Benefits Corps: what is the benefit of the corporation?

Benefit corporations have become more common since I started this post, on the heels of this WSJ article describing them. I have long found these legislative exercises to be a substantial waste of time and effort. Public fiscal discipline is non-existent, and yet legislators have time to fool around with this sort of mickey-mouse smoke & mirrors?

It’s awfully easy to create the restrictions you want in a company, to frame the board’s decisions in standard ways. There are at least this many:

  • Elect wise-minded board members
  • Create voting structures to facilitate or ensure the first.
  • Only have shareholders that agree with the first two items.
  • Write the purposes and restrictions into the articles and then into the bylaws; with super-majority provisions to change them.
  • Create a company vision and mission that align with a strategy and strategic plan so that the company almost can’t succeed without accomplishing the mission.
  • Don’t sell.
  • Don’t try to have your cake and eat it too.

For example, there are anti-takeover statutes in many jurisdictions that allow, or even require, a board to consider other factors beyond the selling price when evaluating an offer to sell the company. No one needs a special kind of corporation for that.

Plus, there are only certain circumstances where Delaware law, for example, requires an otherwise unrestrained board to seek the highest price: and even then, let’s not forget the most obvious point — shareholders almost never *have* to sell to the big bad buyer. And when they do, they get fair value for their shares and can reinvest in something new.
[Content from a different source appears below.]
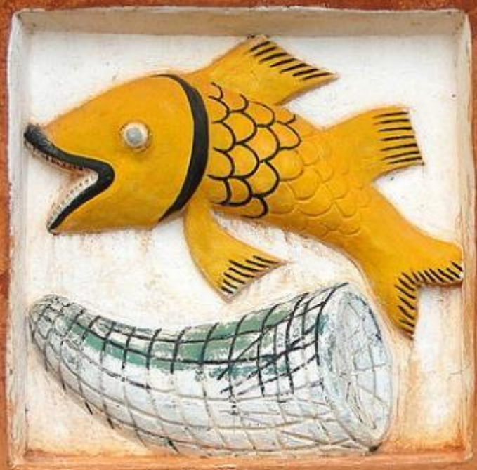
Fish Symbol on Shrine Wall -- Abomey, Benin
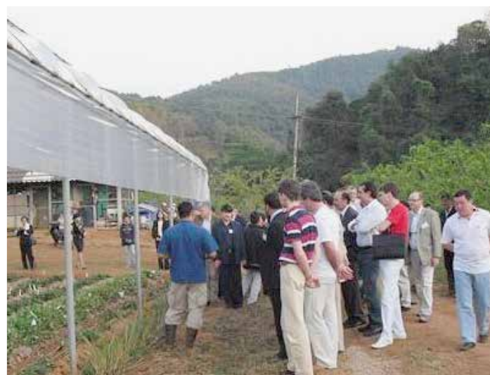
Visit to the Royal Project in Chiang Mai province within the workshop on “Combating Illicit Crop Cultivation and Enhancing Border Security and Management: Thailand as a Case Study”, January 2010.

Boards manage companies, but shareholders own them. Shareholders vote their shares how they see fit. If you don’t sell to other people, you don’t have to worry how they vote. Large tech companies have started to go down the road of two classes of stock, ostensibly so that founders could maintain voting control while reducing their economic exposure to the effects of their decisions.
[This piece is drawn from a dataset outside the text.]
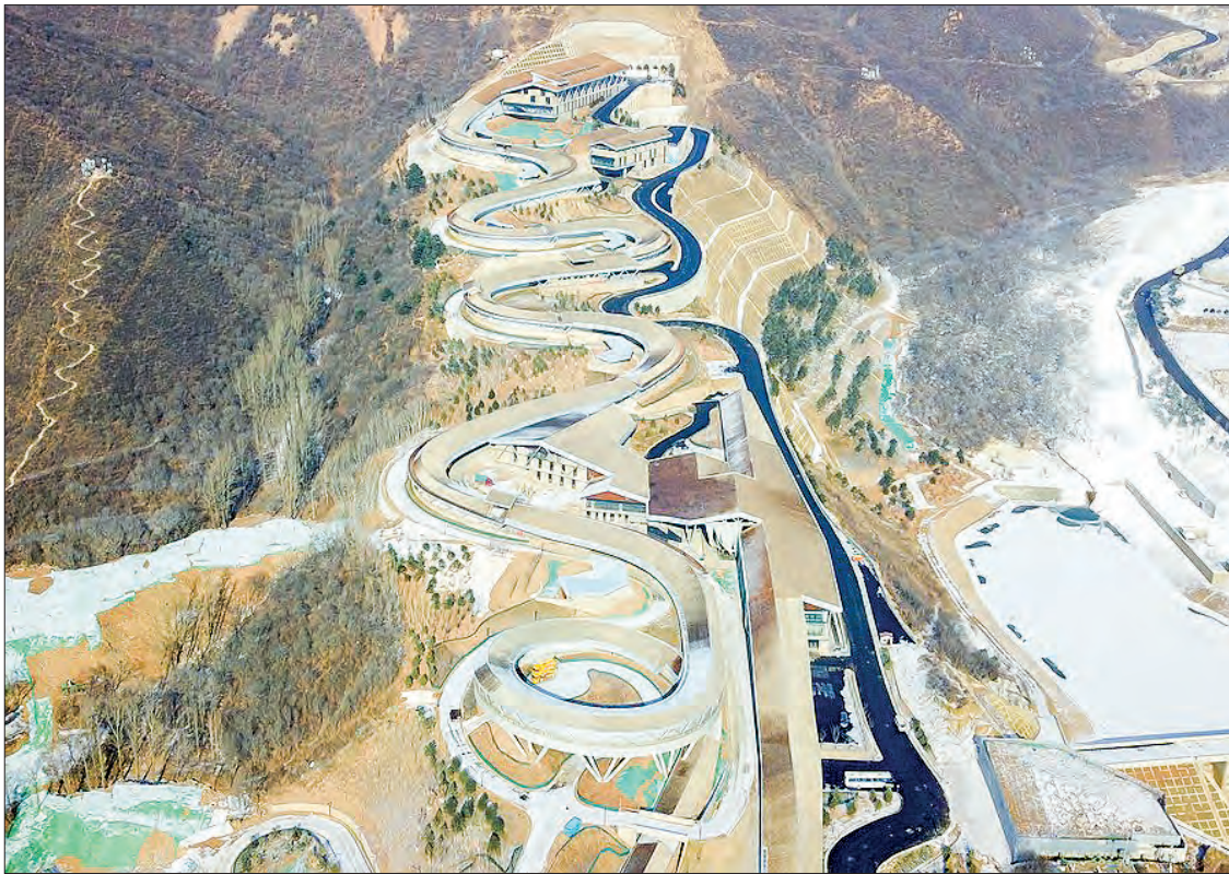
Aerial photo taken on 19 January 2021 shows the National Sliding Centre in Yanqing District, Beijing, capital of China.

NORTH Korea has slammed the US-led diplomatic boycott of February’s Beijing Winter Games, state media reported Friday, describing it as an “insult” to the Olympic spirit.

Charlie Elson is quoted in the article. I didn’t take a class from him at Cornell Law, but I’ve heard him lecture and read several/many of his articles. He’s a smart guy, too. If he thinks it’s bad, that might be the corporate governance version of Occam’s Razor.

So what’s a director to do? To me, it’s simple. You use the same solution that solves CEO/Chair “problems:” exercise your independent fiduciary duties to the company. If the board thinks that not polluting is going to be a better long-term decision for the company, that’s going to be a hard decision to beat. Delaware’s business judgment rule gives directors broad latitude to run the company.

A lawyer I’ve worked for and with and know well has taken a more favorable view of these “alternative” styles of corporations. I understand part of his argument to be that with these protections hard-coded into state statutes and the articles of incorporation that they permit, you make it much harder for shareholders to even bring lawsuits. That’s valuable because defending lawsuits, especially when shareholders work to draft personal liability claims, is both stressful and expensive for the company.

But ultimately, my last bullet point above is the most important one: don’t try to have your cake and eat it too. What’s that mean? Taking investor money without setting clear expectations is a bad idea no matter what your plan is: social enterprise or blitzscaling. If you sell to someone, but you still want to run everything, then you’ve got more work to do to make it foolproof. Convince more folks. Make a better plan. Find common ground. Use debt instead of equity. Stay small and only grow at your self-financed growth rate. Trying to take someone’s money with no strings attached is either naive or offensive. You seldom want investors who don’t like the way you’re already doing things, unless you don’t like the way you’re doing things.